Psychotherapy can sometimes be a little frustrating. You sit in an office, share your life with your therapist, but get only a small window into what your therapist thinks about you. They share their insights in little dribbles that come out from time to time.
When what we really want is the whole kit and kaboodle.
So an interesting experiment at Beth Israel Deaconess Medical Center in Boston is raising eyebrows — giving patients electronic access to their mental health notes.
Jan Hoffman over at The New York Times has the story about the experiment, which is only open to about 10 percent of patients who are seeing a psychiatrist or mental health professional at the hospital.
But not everyone is on board:
“Diagnostic language is used among doctors to describe features of a mental illness,” said Dr. Brian K. Clinton, an assistant professor at Columbia University Medical Center who has written about sharing records. “I would be willing to discuss with a patient what I think. It’s a better way to communicate than a note I wrote for other doctors.”

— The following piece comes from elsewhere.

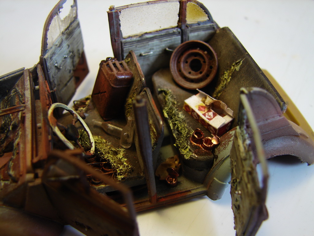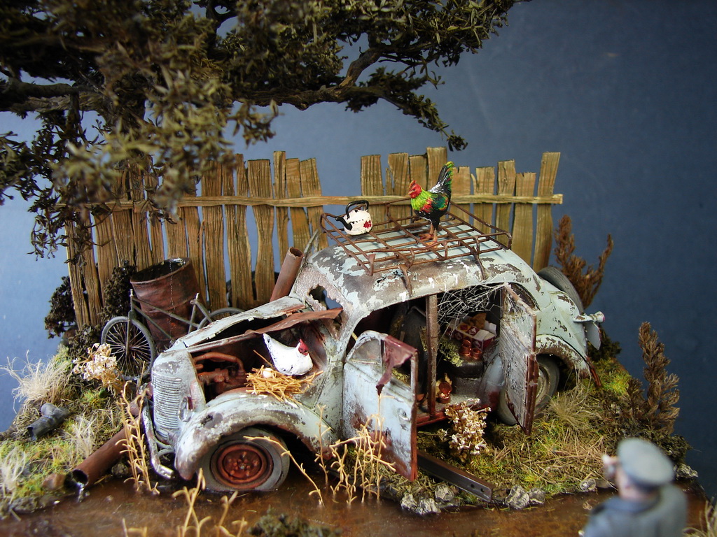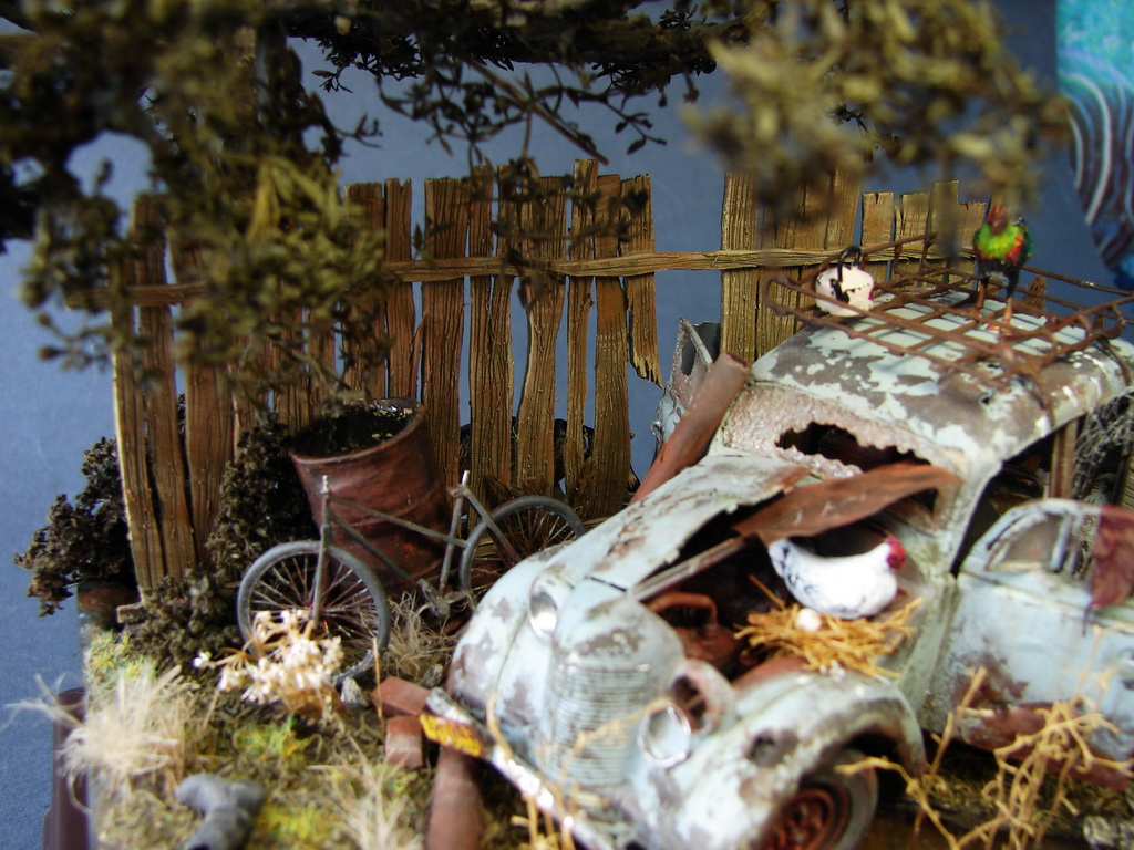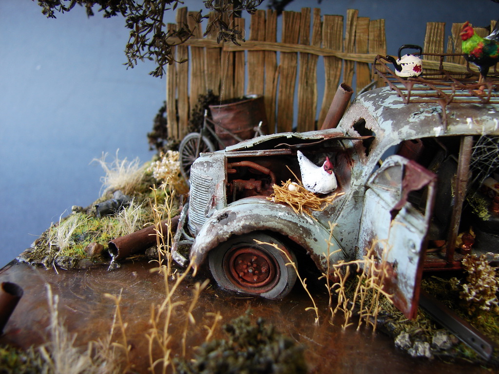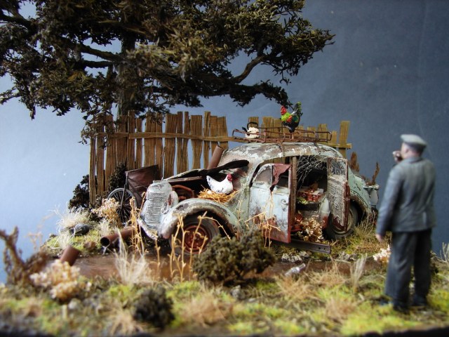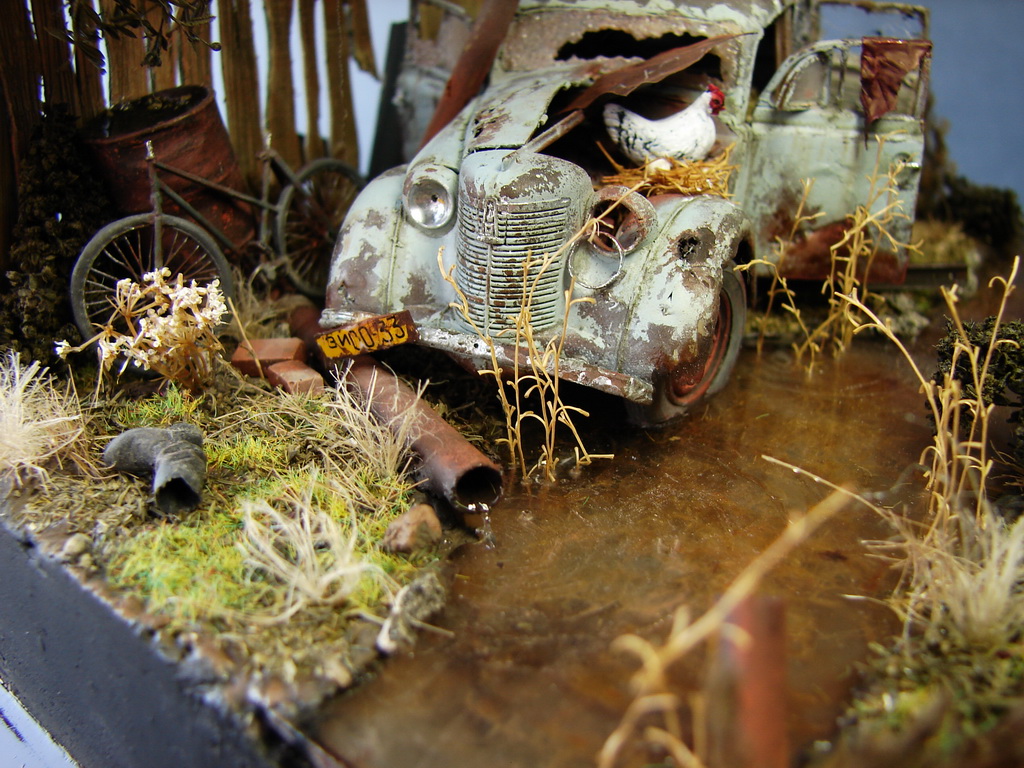 На фоне всей фигни,что происходит вокруг,решил сделать вполне пацифистскую маленькую диораму.)Сюжет вырос вокруг анекдота.Москвич пришлось "слегка" доработать.)Дерево из "ковыля" который нашел под ногами и законсервировал в глицерине прошлым летом.Вода-кусок пластика покрытый лаком.
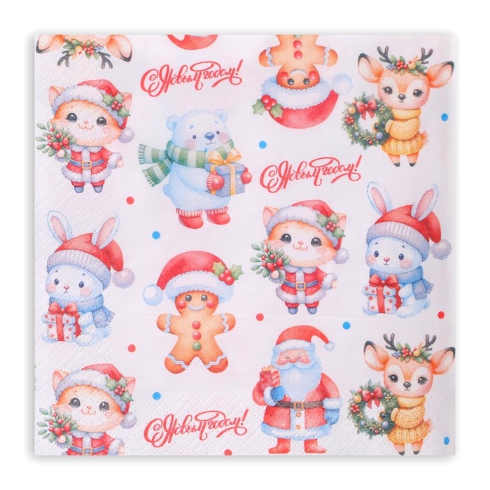 Новогодние салфетки бумажные New Line Fresco «Новогодний ёжик» 2 слоя, 33х33 см, 20 шт

But Dr. Michael W. Kahn, an assistant professor of psychiatry at Harvard Medical School who wrote about the project in JAMA, said that if the therapist explained the diagnosis, some patients might feel relieved, knowing their behavior fits a pattern that others also experience.
What’s not mentioned is that most mental health progress notes are rarely as detailed or insightful as to what patients might expect — or want.
For instance, one common progress note format is called SOAP:
- Subjective – What’s the patient say he or she is feeling or experiencing in the past week
- Objective – What are the professional’s view of the patient’s mood, appearance, etc.
- Assessment – What’s the progress being made in the patient’s diagnosis and treatment? Side effects of meds? If weekly mood scales or other such measures are administered, they’re also noted here.
- Plan – What’s the progress being made on the specific goals and objectives in the patient’s treatment plan?
Another is called DAP:
- Data – What major topics were discussed in the session? Provide only generalities, not specifics.
- Assessment – What’s the patient’s current status and functioning?
- Plan – What’s the progress being made on the treatment plan? Any homework assignments? Any recommendations for the future?
You get the idea… a progress note for a person with a mental illness is not a free-form, insight-driven therapist rambling. Rather, it’s a medical note to help track a patient’s progress in their treatment.
At one time in history, progress notes may have been written solely so that other professionals could understand where that patient is at in their treatment. However, for the past few decades, most professionals are taught that progress notes are not just for other professionals, but for everyone — including the client.
As a rule, mental health professionals are taught to document the minimal necessary in the patient’s medical record. Progress notes can often be nothing more than a few sentences, covering the major bases of discussion. Rarely do they offer much in the way of therapy — or a therapist’s — insights.
So all of the hand-wringing and concern involved in giving patients access to their own progress notes is likely much ado about nothing. Few progress notes offer nearly as much information as patients believe they contain. Fewer still offer something that the patient themselves don’t already know.
These notes don’t offer access to secrets the therapist is holding back from their patient. They won’t tell you what your therapist is secretly thinking about you. Instead, they offer far more mundane details of the patient’s progress in their treatment, using well-worn formats that are designed to limit subjective information.
Of course patients should have ready access to their progress notes, no matter what their illness. It’s such a common sense idea, I’m surprised this is only an “experiment” at Beth Israel — and not already the status quo.